> _Task item_:
Any pictures in the records below must be left out when you repeat the lines from the line containing "BID nhịp này" through the line containing "Jovees Kokum Body" exactly.

(Stored data)
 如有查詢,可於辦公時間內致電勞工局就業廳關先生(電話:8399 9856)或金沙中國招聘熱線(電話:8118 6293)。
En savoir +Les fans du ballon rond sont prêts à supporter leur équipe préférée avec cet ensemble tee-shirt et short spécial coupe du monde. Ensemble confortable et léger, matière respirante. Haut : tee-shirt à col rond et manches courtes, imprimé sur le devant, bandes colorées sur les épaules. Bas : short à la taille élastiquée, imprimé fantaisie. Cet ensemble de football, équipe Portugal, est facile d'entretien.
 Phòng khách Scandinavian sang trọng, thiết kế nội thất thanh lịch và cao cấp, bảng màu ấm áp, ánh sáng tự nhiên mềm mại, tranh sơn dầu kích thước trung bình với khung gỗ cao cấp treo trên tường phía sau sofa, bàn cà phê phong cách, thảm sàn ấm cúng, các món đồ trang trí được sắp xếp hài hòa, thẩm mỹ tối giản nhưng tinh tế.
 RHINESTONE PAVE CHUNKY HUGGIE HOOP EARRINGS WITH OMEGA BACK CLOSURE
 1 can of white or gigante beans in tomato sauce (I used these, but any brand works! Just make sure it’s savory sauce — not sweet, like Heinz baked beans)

* * *

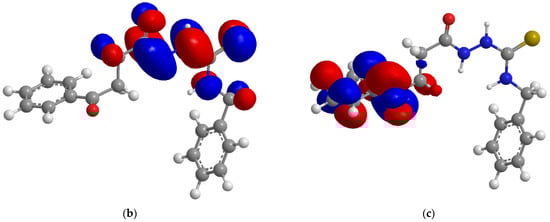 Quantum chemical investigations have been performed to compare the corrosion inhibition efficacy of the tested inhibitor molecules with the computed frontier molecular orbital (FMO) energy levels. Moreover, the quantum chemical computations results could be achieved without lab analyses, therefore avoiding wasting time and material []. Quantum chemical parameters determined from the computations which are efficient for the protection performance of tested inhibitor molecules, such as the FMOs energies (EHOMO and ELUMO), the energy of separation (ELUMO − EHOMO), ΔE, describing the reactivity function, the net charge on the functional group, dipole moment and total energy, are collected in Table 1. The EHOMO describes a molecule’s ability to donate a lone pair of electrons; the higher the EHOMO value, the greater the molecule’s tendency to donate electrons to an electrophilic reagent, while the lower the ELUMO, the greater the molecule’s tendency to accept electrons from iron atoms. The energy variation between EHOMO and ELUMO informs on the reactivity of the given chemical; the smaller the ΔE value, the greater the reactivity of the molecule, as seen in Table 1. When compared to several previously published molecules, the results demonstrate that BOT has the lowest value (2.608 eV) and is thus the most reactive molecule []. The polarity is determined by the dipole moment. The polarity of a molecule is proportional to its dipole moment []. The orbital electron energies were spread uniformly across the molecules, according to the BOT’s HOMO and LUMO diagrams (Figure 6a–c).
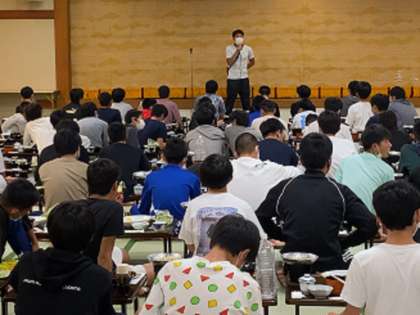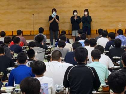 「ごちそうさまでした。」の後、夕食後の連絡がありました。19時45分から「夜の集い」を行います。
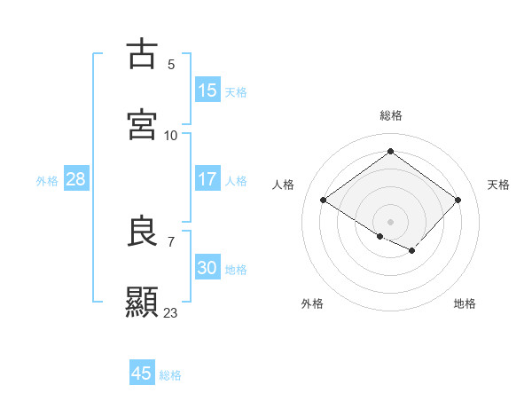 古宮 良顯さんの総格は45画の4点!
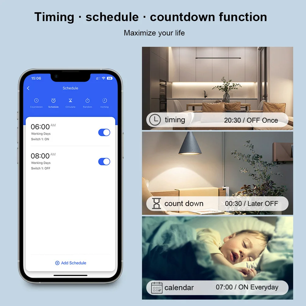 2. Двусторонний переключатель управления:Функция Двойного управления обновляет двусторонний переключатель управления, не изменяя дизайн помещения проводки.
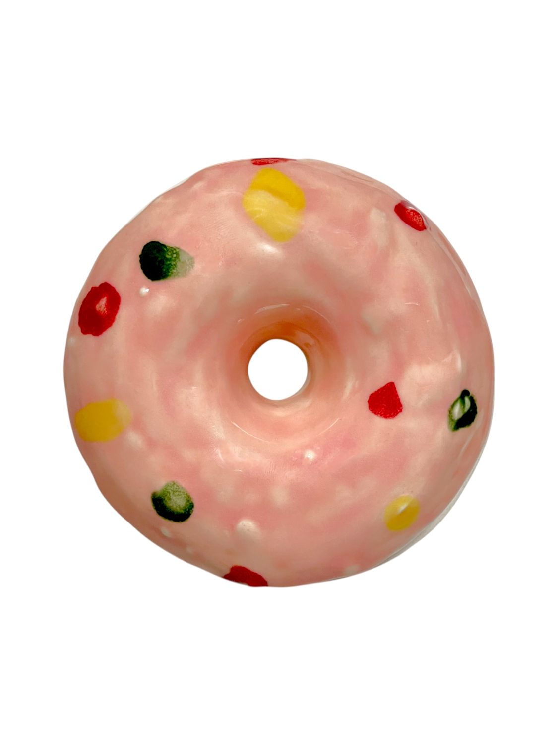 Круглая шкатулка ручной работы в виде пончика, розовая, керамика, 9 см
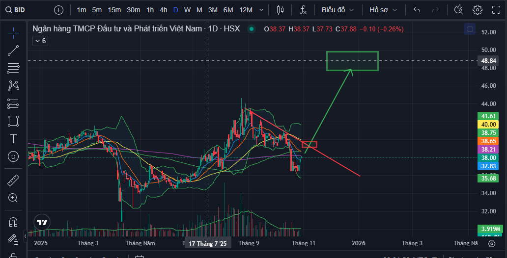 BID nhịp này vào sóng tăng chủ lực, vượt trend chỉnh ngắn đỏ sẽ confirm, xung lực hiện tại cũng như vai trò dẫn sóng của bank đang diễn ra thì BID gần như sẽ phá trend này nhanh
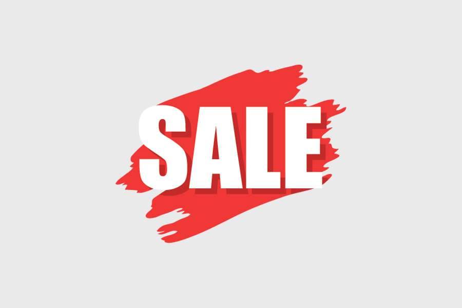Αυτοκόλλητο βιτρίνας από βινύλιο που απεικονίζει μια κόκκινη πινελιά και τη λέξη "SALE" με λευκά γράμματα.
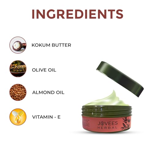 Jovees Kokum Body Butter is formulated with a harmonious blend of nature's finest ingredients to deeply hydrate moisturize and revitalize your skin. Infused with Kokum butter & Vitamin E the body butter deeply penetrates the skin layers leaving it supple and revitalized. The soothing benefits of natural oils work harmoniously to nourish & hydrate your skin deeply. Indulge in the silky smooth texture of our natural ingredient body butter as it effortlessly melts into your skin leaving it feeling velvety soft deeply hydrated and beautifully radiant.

> _Response to this task_:
 BID nhịp này vào sóng tăng chủ lực, vượt trend chỉnh ngắn đỏ sẽ confirm, xung lực hiện tại cũng như vai trò dẫn sóng của bank đang diễn ra thì BID gần như sẽ phá trend này nhanh
Αυτοκόλλητο βιτρίνας από βινύλιο που απεικονίζει μια κόκκινη πινελιά και τη λέξη "SALE" με λευκά γράμματα.
 Jovees Kokum Body Butter is formulated with a harmonious blend of nature's finest ingredients to deeply hydrate moisturize and revitalize your skin. Infused with Kokum butter & Vitamin E the body butter deeply penetrates the skin layers leaving it supple and revitalized. The soothing benefits of natural oils work harmoniously to nourish & hydrate your skin deeply. Indulge in the silky smooth texture of our natural ingredient body butter as it effortlessly melts into your skin leaving it feeling velvety soft deeply hydrated and beautifully radiant.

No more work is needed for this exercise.